How to create a correlation matrix in R

I really love correlation analysis. It's an awesome way of determining if two numeric variables have a relationship. You can also determine how strong the relationship might be. If you are looking at just 2 variables this is where the scatterplot comes into play. If you have many variables to compare, a correlation matrix is just what you need. 

I decided to create a step-by-step guide on creating a correlation matrix using the R programming language. The first step is finding a dataset to use. I'm using a dataset from an online statistics course at Penn State. The data is from a study researching if a person's brain size, weight, and height can predict intelligence.

#import data from url into R Studio using read.table function
iqSize<-read.table("https://onlinecourses.science.psu.edu/stat501/sites/onlinecourses.science.psu.edu.stat501/files/data/iqsize.txt", header = TRUE)
#check dataframe
#this is an American dataset, so the participant's weight is in pounds not kilos!
head(iqSize, 3)
headfunction
#inspect the structure of your dataset
str(iqSize)
structureFunction
#use the summary function to get a run down on your dataset
#it provides a summary of all the data in your dataset
summary(iqSize)
summaryFunction
#use the base plot function to plot all your variables in a scatterplot
plot(iqSize)
This plot allows us to visualize the relationship among all variables in one image.We can see that height and weight suggests a positive correlation. (4th column, 3rd row from the top)

This plot allows us to visualize the relationship among all variables in one image.
We can see that height and weight suggests a positive correlation. (4th column, 3rd row from the top)
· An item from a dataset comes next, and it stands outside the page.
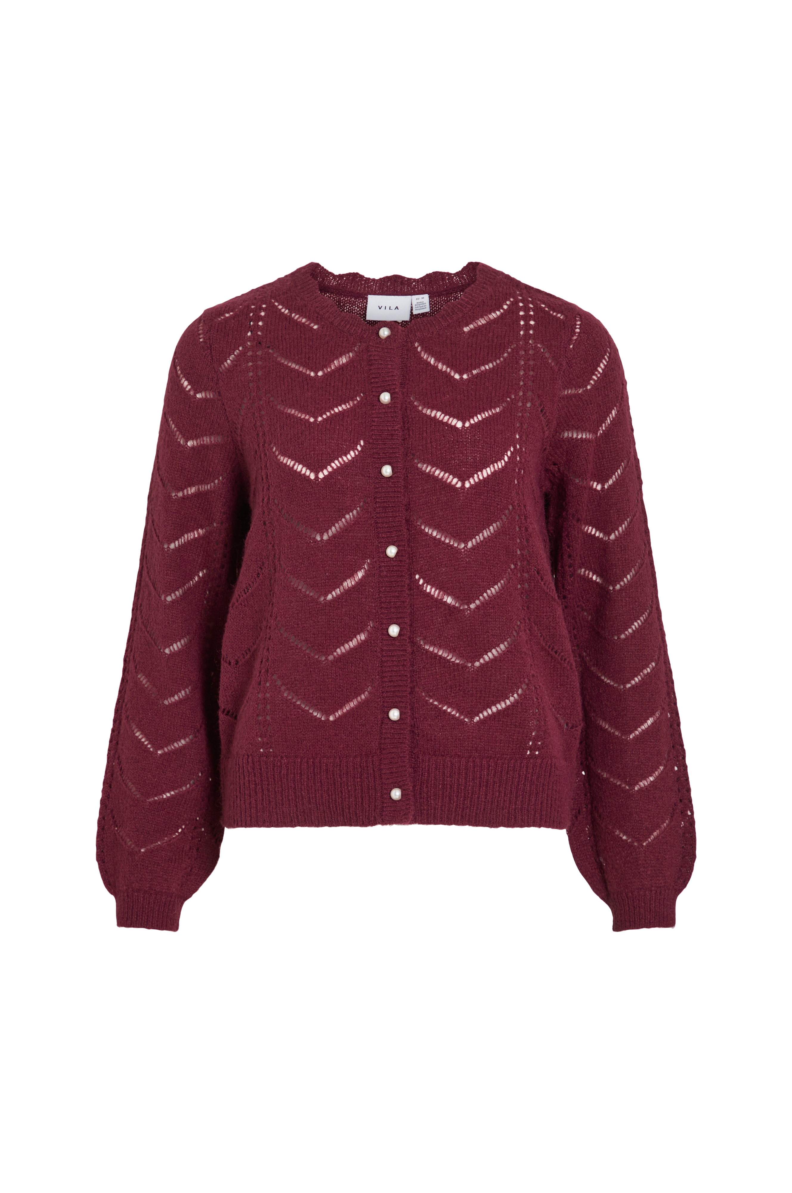 • Strukturstrikket kardigan med løsstrikkete detaljer• Rund, bølget hals• Dekorative perleknapper hele veien fram• Lange ermer med ribbestrikk på bunnen• Bred ribbestrikk i nedre kant

#let's calculate correlation
corr<-cor(iqSize)

The corr() function calculates the Pearson's correlation coefficient and creates a new matrix in your environment.

#inspect matrix
corr
correlationMatrix
#let's visualize our matrix
#install ggcorrplot if needed
if(!require(devtools)) install.packages("devtools")
devtools::install_github("kassambara/ggcorrplot")
#load visualization libraries ggplot2 and ggcorrplot 
library(ggplot2)
library(ggcorrplot)
#plot the correlation matrix visual
ggcorrplot(corr)
correlationPlot.png
#add correlation coefficients & reorder matrix using hierarchical clustering
ggcorrplot(corr, hc.order = TRUE, type = "lower", lab = TRUE)
Now that looks better!

Now that looks better!

#you can also display the upper triangular of the correlation matrix by changing the type from 'lower' to 'upper'
ggcorrplot(corr, hc.order = TRUE, type = "upper", lab = TRUE)
UpperCorrMatrix
#you can also plot the matrix using circles
ggcorrplot(corr, lab = TRUE, type = "lower", method="circle")
Now you have your correlation matrix with the corresponding correlation coefficients for easy visualization.

Now you have your correlation matrix with the corresponding correlation coefficients for easy visualization.

If you want to continue the example on the Stat 501 course page to get your regression equation, residuals, and R-squared, use the fit function to  run your regression analysis similar to the example shown using Minitab.

fit <- lm(PIQ~ Brain + Height + Weight, data=iqSize)
summary(fit)

 

A correlation matrix is a great way of visualizing numeric data if you want find out if your variables are correlated. Happy analyzing!